If in the early hours before waking, one rouses into sharper awareness and pays close attention to the dream with a sense of curiosity, this state of mind slowly leads to being able to consciously direct the dream.
As child, I had hundreds of flying dreams. They started in different ways: sometimes floating up through the ceiling and becoming an ethereal form that could "sail" the winds, or sometimes starting at a picnic with elves and fairies above a waterfall and jumping up to fly as birds do. But the most frequent form was to climb to the top of a high cliff, mountain or building and jump off to spread my wings and soar on the thermals. Always, I would fly south along the coastal cliffs and beaches, viewing them from the air, and then turn inland around the nearest village to observe the houses and the people, and then fly-sail home.

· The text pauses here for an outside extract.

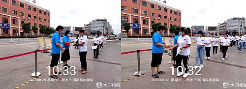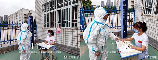 校外居住的学生在大学门口进行健康卡检查、消毒、测温等

As an adult living in inner city warehouses, in my dreams, I became a pigeon and jumped off sky-scrapers to go looking for my mother. I was looking not for my real-life mother but the mother I had always craved, one who knew how to love. I learned to control these dreams by taking different directions in every flight. When I finally found the loving mother, she was an instinctive being inside me, and the flying dreams stopped.

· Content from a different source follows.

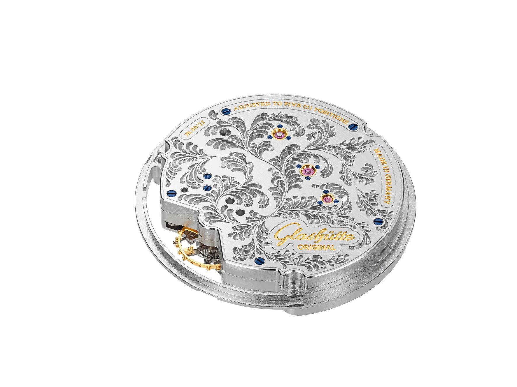 Las funciones se accionan gracias al movimiento de cuerda manual Calibre 58-01, con un acabado muy elaborado. Entre sus características se encuentra un refinado mecanismo de parada del segundero: cuando se extrae la corona, la indicación de la hora se detiene y el segundero se pone a cero y permanece en dicha posición; Al mismo tiempo, la aguja de los minutos avanza hasta el índice de minutos entero más próximo. Cuando la corona se gira para ajustar la hora, la aguja salta al siguiente índice de minuto, garantizando así que se mantenga la relación correcta entre los segundos y los minutos. Un fondo de caja de cristal de zafiro permite apreciar de un vistazo las características clásicas del arte de la relojería de Glashütte: en la representativa platina de tres cuartos, los chatones de oro atornillados y el puente de volante grabado a mano se fusionan la maestría relojera con la artesanía auténtica. Una correa de piel de aligátor de Luisiana de color marrón oscuro con cierres desplegables de oro rojo o hebilla con hebijón completan el elaborado diseño del nuevo cronómetro.

My subconscious intuition had somehow taught me that the key was to mother myself.
This post was edited by Benedict Arnold at June 22, 2018 5:53 PM MDT
I can fly in a lot of my dreams, I'm just not very good at it, especially when I'm in a panic. I can't remember being able to recognize it's a dream though.

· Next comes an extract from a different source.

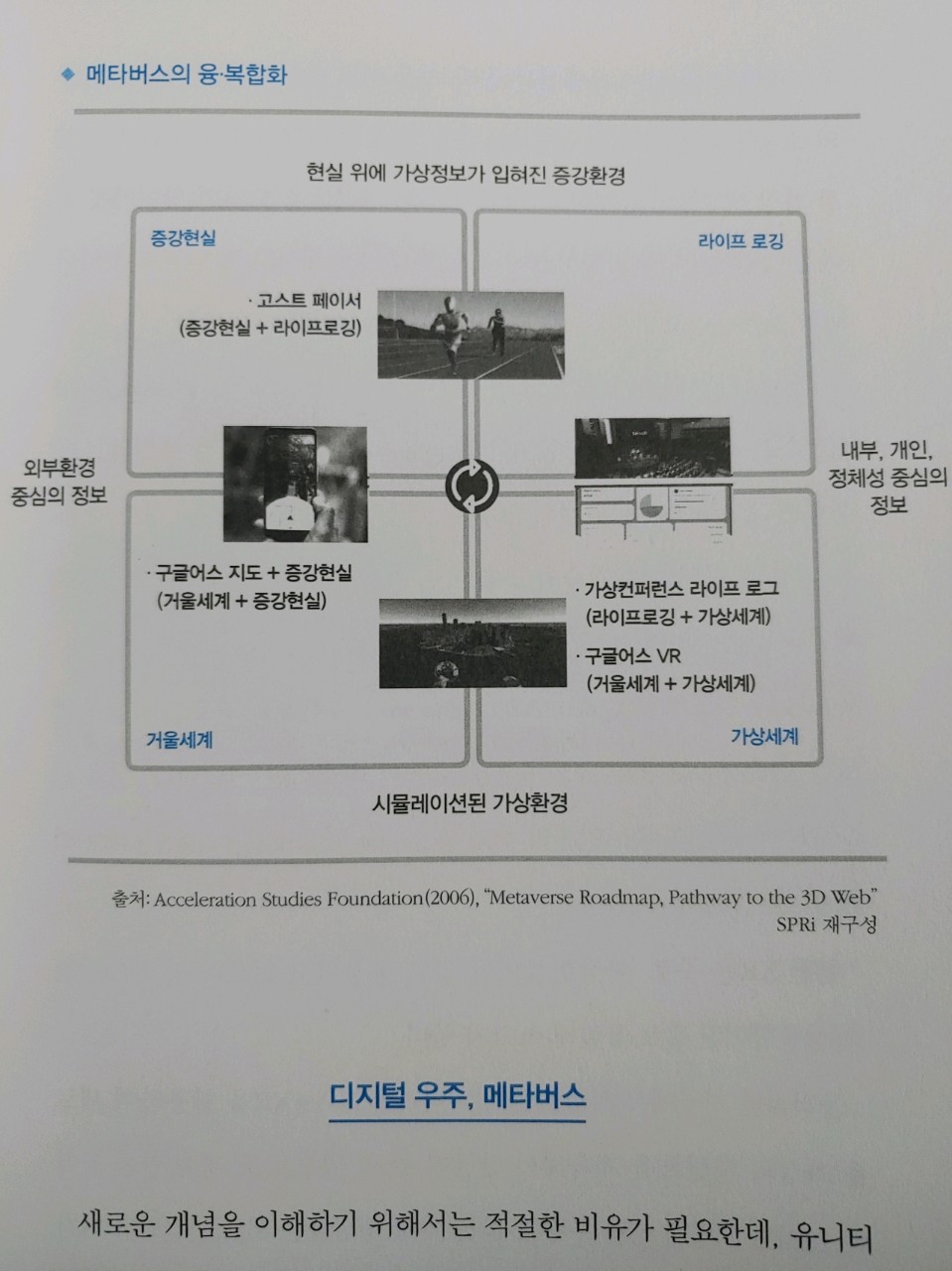 메타버스가 오고 있다. 메타버스는 메타(Meta, 초월) + 유니버스(Universe, 세상)의 합성어로 <스노우 크래시>라는 소설에서 처음사용되어 지금까지 널리 사용되는 용어가 되었다. 메타버스는 증강현실, 라이프 로깅, 거울세계(미러월드), 가상세계가 융합되어 나타나는 현상을 말한다.

Next time your dreaming, especially when your flying in your dream, ask yourself, can I do anything I want to right now? If you can, than your having an outer body projection, not merely a dream. Once you lose control of the ability to manipulate your dream, you are no longer astro projecting, just merely dreaming.
I have never had control of what happens in my dreams but once I realized I was dreaming and that whatever I did would have no consequenses in the waking world. I immediately tried to make out with the girl sitting next to me in the back seat of the car we were in. Unfortunately, she reacted just as the same person would have reacted in real life. She pushed me away and yelled, "What are you doing?" over and over. Oh well, it was worth a try. Still, I woke up and there were no consequenses.
A dream is when you tell yourself a story while you sleep. It is possible to judge the story, back it up, and rewrite it. Shortly after I found myself rewriting my dreams on the fly (so to speak), I found that my dreams became a lot more fun. And a while after that, I stopped remembering dreams. For many years now, my sleep has been totally dreamless.